(Information)

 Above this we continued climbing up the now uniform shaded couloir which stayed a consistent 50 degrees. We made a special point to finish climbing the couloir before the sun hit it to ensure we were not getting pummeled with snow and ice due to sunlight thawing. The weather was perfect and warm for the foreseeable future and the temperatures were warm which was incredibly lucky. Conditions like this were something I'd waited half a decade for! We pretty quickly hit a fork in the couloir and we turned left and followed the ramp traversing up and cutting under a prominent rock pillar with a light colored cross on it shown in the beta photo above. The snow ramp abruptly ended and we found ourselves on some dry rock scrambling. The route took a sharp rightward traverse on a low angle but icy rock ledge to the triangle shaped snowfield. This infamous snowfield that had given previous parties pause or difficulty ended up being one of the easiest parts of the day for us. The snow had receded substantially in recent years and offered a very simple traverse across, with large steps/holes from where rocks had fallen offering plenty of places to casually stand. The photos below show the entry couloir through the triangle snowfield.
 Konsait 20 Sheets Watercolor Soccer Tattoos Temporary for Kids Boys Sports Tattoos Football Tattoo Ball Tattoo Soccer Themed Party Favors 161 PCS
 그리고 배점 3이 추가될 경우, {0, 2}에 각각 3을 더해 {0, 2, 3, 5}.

(End Information)
(Information)

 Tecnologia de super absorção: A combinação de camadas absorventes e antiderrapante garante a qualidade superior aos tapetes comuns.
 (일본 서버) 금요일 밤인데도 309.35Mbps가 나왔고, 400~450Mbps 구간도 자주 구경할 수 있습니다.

(End Information)
(Information)

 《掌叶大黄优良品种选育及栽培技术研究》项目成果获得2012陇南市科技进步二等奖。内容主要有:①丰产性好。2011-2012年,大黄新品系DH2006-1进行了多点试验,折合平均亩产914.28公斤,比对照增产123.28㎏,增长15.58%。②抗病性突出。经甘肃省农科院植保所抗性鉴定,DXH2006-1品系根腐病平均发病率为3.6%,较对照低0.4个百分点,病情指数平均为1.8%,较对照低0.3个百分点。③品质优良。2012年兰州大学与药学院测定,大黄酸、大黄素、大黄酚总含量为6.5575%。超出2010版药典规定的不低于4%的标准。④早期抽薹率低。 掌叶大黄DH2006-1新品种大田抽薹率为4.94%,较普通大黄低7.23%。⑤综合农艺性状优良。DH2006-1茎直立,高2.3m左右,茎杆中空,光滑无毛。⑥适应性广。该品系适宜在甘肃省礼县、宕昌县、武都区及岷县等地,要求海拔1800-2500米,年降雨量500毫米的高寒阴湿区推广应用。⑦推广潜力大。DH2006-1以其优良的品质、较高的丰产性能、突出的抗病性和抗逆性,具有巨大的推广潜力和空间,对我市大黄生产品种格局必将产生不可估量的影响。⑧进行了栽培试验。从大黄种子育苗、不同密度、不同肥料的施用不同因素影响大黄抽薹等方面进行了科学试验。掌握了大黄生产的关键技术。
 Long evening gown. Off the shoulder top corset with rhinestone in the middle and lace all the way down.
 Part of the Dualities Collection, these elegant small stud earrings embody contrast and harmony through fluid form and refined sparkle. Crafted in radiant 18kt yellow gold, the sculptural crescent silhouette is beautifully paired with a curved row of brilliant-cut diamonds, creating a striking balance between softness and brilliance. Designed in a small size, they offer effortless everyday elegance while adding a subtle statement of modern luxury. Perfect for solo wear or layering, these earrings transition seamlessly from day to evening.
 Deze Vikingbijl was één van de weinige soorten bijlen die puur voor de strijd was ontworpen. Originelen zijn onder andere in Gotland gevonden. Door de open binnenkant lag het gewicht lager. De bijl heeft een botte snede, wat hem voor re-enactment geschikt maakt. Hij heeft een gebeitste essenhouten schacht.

(End Information)

Task objective: Using the data above, print exactly the lines from the line that contains "Long evening gown." through the line that contains "Deze Vikingbijl was", with both included.

Problem solution:
 Long evening gown. Off the shoulder top corset with rhinestone in the middle and lace all the way down.
 Part of the Dualities Collection, these elegant small stud earrings embody contrast and harmony through fluid form and refined sparkle. Crafted in radiant 18kt yellow gold, the sculptural crescent silhouette is beautifully paired with a curved row of brilliant-cut diamonds, creating a striking balance between softness and brilliance. Designed in a small size, they offer effortless everyday elegance while adding a subtle statement of modern luxury. Perfect for solo wear or layering, these earrings transition seamlessly from day to evening.
 Deze Vikingbijl was één van de weinige soorten bijlen die puur voor de strijd was ontworpen. Originelen zijn onder andere in Gotland gevonden. Door de open binnenkant lag het gewicht lager. De bijl heeft een botte snede, wat hem voor re-enactment geschikt maakt. Hij heeft een gebeitste essenhouten schacht.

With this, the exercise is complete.